Thursday, November 18, 2010

Penguins Beat Canucks In Most Complete Game Of Season

Yesterday, I spoke in this space about my eagerness to find out how much mettle the Pittsburgh Penguins would show in their next game against Western Conference power Vancouver after their come-from-ahead home OT loss to the New York Rangers on Monday night.

About my anxiousness to see if they'd answer the bell and continue a string of fairly solid play without being brought down by those discouraging circumstances.

Ding.

The Penguins played their most complete game of the season last night in washing their hands of the Vancouver Canucks to the tune of 3-1.

Pittsburgh had just about everything they needed in this game offensively, defensively, and between the pipes.

Offensively, they got out to an early 1-0 lead in the first period when Captain Sidney Crosby just happened to step out of the penalty box when a loose puck came by.

Heading in on a breakaway against Canadian Olympic teammate and Canucks' netminder Roberto Luongo, Sid skated in with purpose and just blew a wrister past Luongo low on the stick side.

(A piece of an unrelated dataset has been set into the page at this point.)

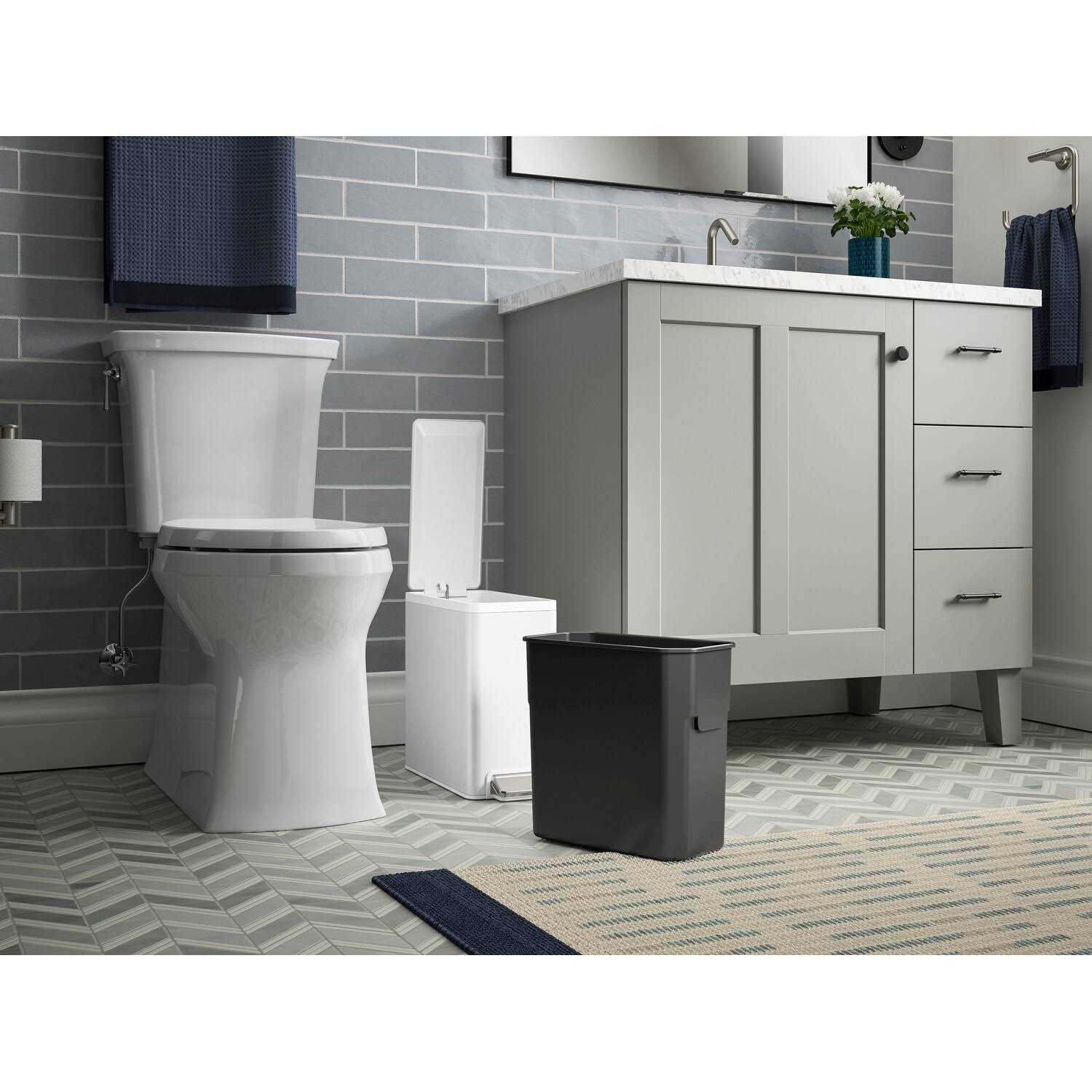 Crafted with thoughtful details and smart functionality, the KOHLER step trash can collection will simplify your daily routine at home and meet the style demands of its surroundings. The 2.5-gallon slim step trash can is ideal for small spaces, such as in a home office or next to a toilet. It opens with a sturdy foot pedal, allowing for hands-free operation. The functional design allows you to use any plastic shopping bag, thanks to tabs that secure the bag in place.

The Pens blitzed Luongo and the Canucks with 2 goals in less than a minute in the second period, with Max Talbot scoring on a wraparound -- shorthanded, no less -- and Aaron Asham chipping in a loose puck to pad the Pittsburgh lead to 3-0.

While Vancouver defenseman Dan Hamhuis scored not long after to make it 3-1 on a play where the Penguins got caught running around in their own zone a bit, Marc-Andre Fleury just slammed the door the rest of the way and the Canucks got no closer.

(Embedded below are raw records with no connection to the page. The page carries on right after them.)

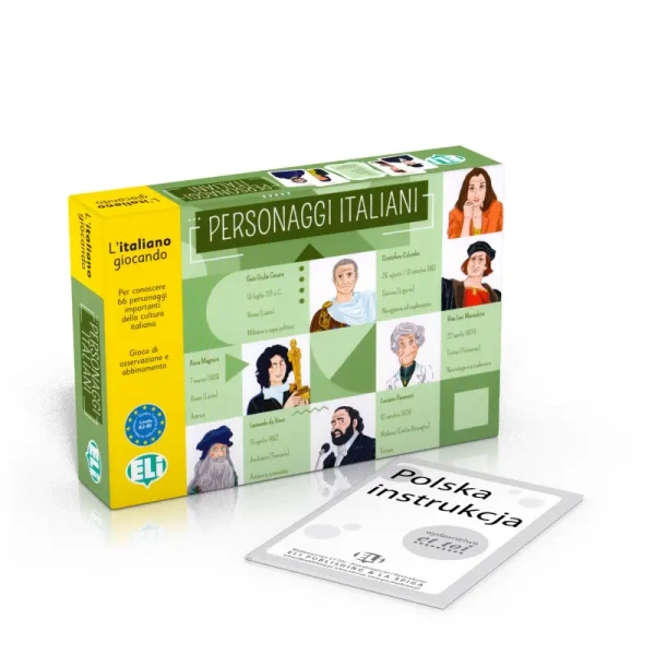 Personaggi italiani to oryginalna gra językowa, która pozwala połączyć naukę z przyjemnością. Jest to nie tylko kreatywny sposób na rozwijanie umiejętności językowych, ale także na pogłębianie wiedzy na temat bogatej kultury Włoch.Gra dla każdego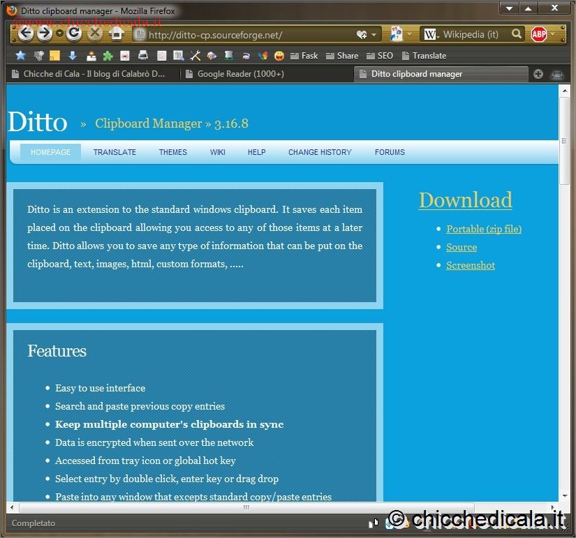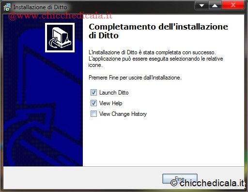 | 1. Innanzitutto è necessario scaricare il programma gratuito dal sito ufficiale. In pochi istanti vi ritroverete \t\tnella pagina principale del sito, in lingua inglese. Per scaricare il programma sarà necessario un clic sul collegamento Download, in alto alla destra. Dopo un breve caricamento, vi verrà richiesto di salvare o aprire il file in questione. Scegliete di aprire il file e attendete. 2. Se avete seguito correttamente il primo passo, alla fine dello scaricamento partirà automaticamente l’installazione guidata del programma. Per prima cosa vi verrà chiesta la lingua da utilizzare durante la fase di installazione: scegliete “Italiano” e fate clic su OK. Nella schermata successiva, fate clic sul pulsante Avanti. Vi verrà chiesta la cartella di destinazione del programma. Se non avete particolari esigenze, confermate quella di default e fate clic su Avanti. A questo punto potrete decidere se selezionare o no l’esecuzione automatica di Ditto all’avvio del sistema. Consigliamo di lasciare selezionata l’opzione. Fate clic su Avanti. Dopo una breve installazione dei file, il programma sarà pronto per essere utilizzato. Togliete la spunta dall’opzione View help e fate clic su Fine. | ||
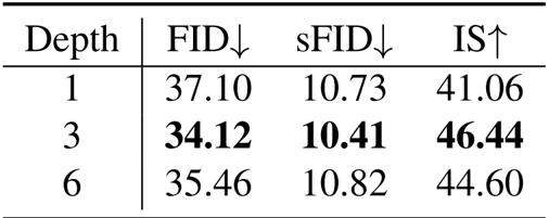 结果表明,像素解码器深度为 3 时性能最佳,FID 为 34.12,sFID 为 10.41,IS 为 46.44,优于更浅和更深的配置。

I have to say, this was Fleury's best game this season.  I haven't seen him that confident in the cage in a while.  He was focused all night, and made several solid stops -- 29 of 30 overall.

The Flower was also very controlled with his movements last night, I thought, which for him is a sign his head is really in the game.

Fleury got a lot of help from the Penguins defensively last night, too.  The Canucks can bring it up front, and were strong at times in the offensive zone moving the puck around last night.  But the Pens' largely kept them to the outside and limited their good scoring chances.  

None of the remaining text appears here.